Provenance & Lineage¶
Provenance: The complete history of a result—code version, configuration, input data, and compute environment. Consist records provenance for every tracked run.
Lineage: The dependency chain showing which run created an artifact, which inputs that run consumed, and which runs produced those inputs.
graph TD
Raw[Raw Data] --> Step1[Run: Clean]
Config1[Threshold=0.5] --> Step1
Step1 --> Art1[Artifact: Cleaned]
Art1 --> Step2[Run: Analyze]
Config2[GroupByKey=category] --> Step2
Step2 --> Art2[Artifact: Summary]
Provenance answers three questions: Can I re-run this exactly? (reproducibility), Which config produced this figure? (accountability), and Why did this change? (debugging).

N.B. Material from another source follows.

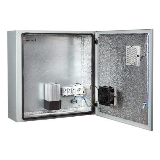 Термошкаф оснащен системой автоматического поддержания заданной температуры и относительной влажности, обеспечивающей безопасную работу размещенного в нём оборудования при температуре окружающего воздуха от -55°С до +50°С со степенью защиты IP54.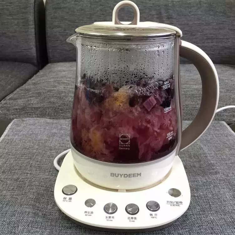 ▼泡发的银耳加水1200ml用养生壶煮一小时,煮至50分钟时再加紫薯与黑加仑,减少花青素的降解损耗。

Example: You published a land-use forecast. A reviewer asks which scenario produced Figure 3. Run consist show <run_id> to see the code version (commit SHA), config parameters, input parcel data, and execution timestamp.
Canonical Terms (Quick Reference)¶
This page keeps one-line canonical definitions. Detailed behavior and policies live in the linked specialized pages.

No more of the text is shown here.